第二天一早,婆婆提著蛇皮袋回老家了。
周浩埋怨的看我一眼,“這下滿意了,把我媽氣走了!”
“以後飯菜你做,孩子你帶?”
我沒有理會他,去飯店辭去服務員的工作。
又給小寶找好晚托班,妥善安排好一切。
期間婆婆毫無動靜,我僥幸的以為她放過了我。
直到公示期當天,單位打來緊急電話。
“趙雨欣,有人實名舉報你直係親屬殺人犯法,請你立刻過來一趟!”
我趕到單位時,領導正在看一疊厚厚的文件。
婆婆見我來,指著我大喊,“就是她,她外公是個殺人犯,你們快取消她的資格!”
領導指著那份文件,“趙雨欣,你自己看看吧。”
我翻看著文件,上麵是我外公村裏近30個村民的口述記錄。
每個人都指證,我外公年輕時在後山砍柴和人起了衝突。
一柴刀砍掉了對方的腦袋!
每頁的最後,還有他們的簽字按手印。
難怪她著急回老家,原來是去找人作偽證去了。
可她是農村人,沒讀多少書,字都不認識幾個。
能整理成這樣,肯定是周浩的手筆!
婆婆尖聲道,“領導,你們這是守護法律的地方,絕不能讓殺人的後代玷汙了!”
領導沉了沉聲。
“趙雨欣,你這種身世背景確實不符合我們的錄用條件!”
我沒想到事情就這樣定了性,直接抹殺了我的努力。
我義正言辭的反問:
“領導,凡事講求證據,難道不調查單憑村民的口述就定了我外公的罪嗎?”
“萬一這些人都是被買通的呢?”
婆婆拍著桌子喝道:
“你外公殺人是人人皆知的事情,不然怎麼會有這麼多人證?”
“領導不瞞你說,我是趙雨欣的婆婆,她能考上你們單位我應該高興才對!”
“但一想到人民群眾的正義要經過一個殺人犯後代的手,我就不得不大義滅親了!”
她急迫的催促,“事情已經很清楚了,你們現在就發通知取消趙雨欣的成績吧!”
“您也不想事情鬧大,影響大家的名譽對吧?”
婆婆的嘴臉再次讓我心寒。
我嫁到周家這些年,我拿她當親媽看。
平時給她買衣服買鞋子不說,三個月前她生病住院。
我給她端屎端尿沒有一句不耐煩。
現在她卻這麼毀我。
我正要開口替自己辯解,被領導打斷。
“這麼多年前的案子查找起來肯定是不容易的。

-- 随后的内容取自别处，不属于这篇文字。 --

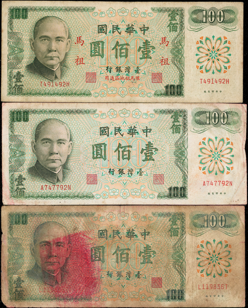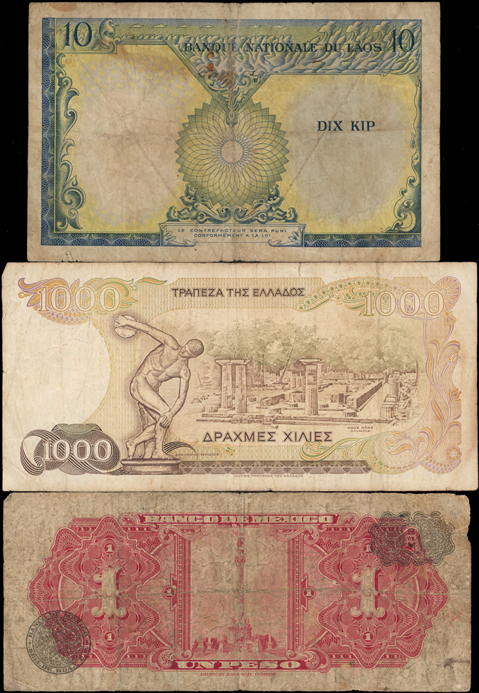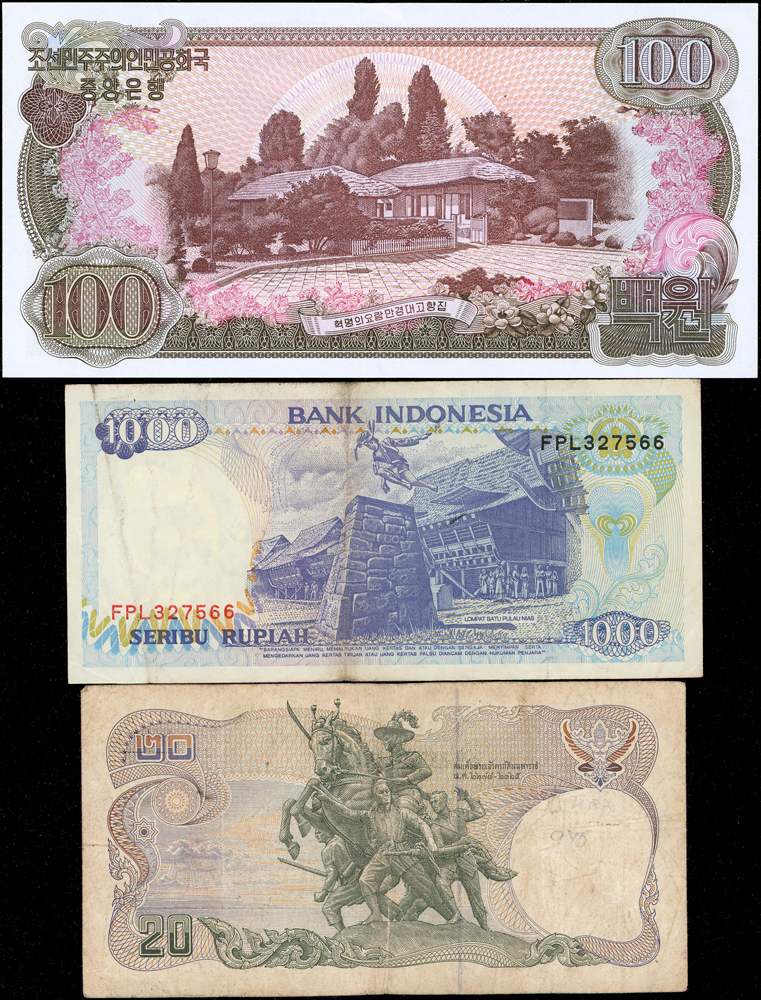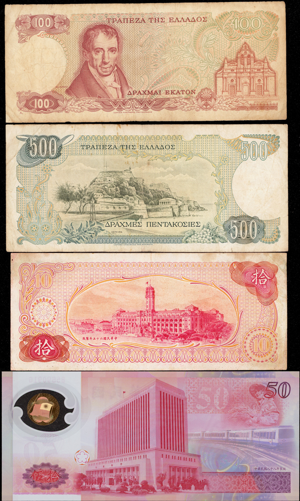 各國鈔券:(1)香港政府無年份1分7枚,全新;(2)日本板垣退助100元1枚,軍用手票乙號.丙號5元各1枚,77-80新;(3)瓜地馬拉2006年1元塑膠鈔3枚,全新;北韓1978年100元1枚,98新;(4)泰國20元.印尼1000元.寮國10元.墨西哥1元.希臘100.500.1000元各1枚,60-77新;(5)大陸中國銀行外匯券1979年1角12枚.1元3枚,70-90新;(6)台灣1972年100元F版2枚,60-70新;馬祖1972年100元1枚,75新;1999年50元塑膠鈔1枚,98新;1976年10元1枚,70新(Page 91)

”
“趙雨欣你是否能提供證據?”
婆婆嗤笑一聲,“她怎麼有證據!”
“雨欣啊,你別怨媽,誰讓你攤上了個殺人犯外公呢!”
我甩開她的手,“領導,這就是證據!”
說著我從包裏拿出一個鐵盒子打開,裏麵是一塊建國初期的一等功章。
我接著道,“有這樣軍功在身的人,要被平白無故的說成殺人犯?”
婆婆愣了一瞬,隨即笑了。
“趙雨欣,別人是拿著雞毛擋令箭。”
“你是拿著假章當聖旨啊!”
“領導,這是她外公當年為了逃避刑罰找人做的假章!”
“我有人證!”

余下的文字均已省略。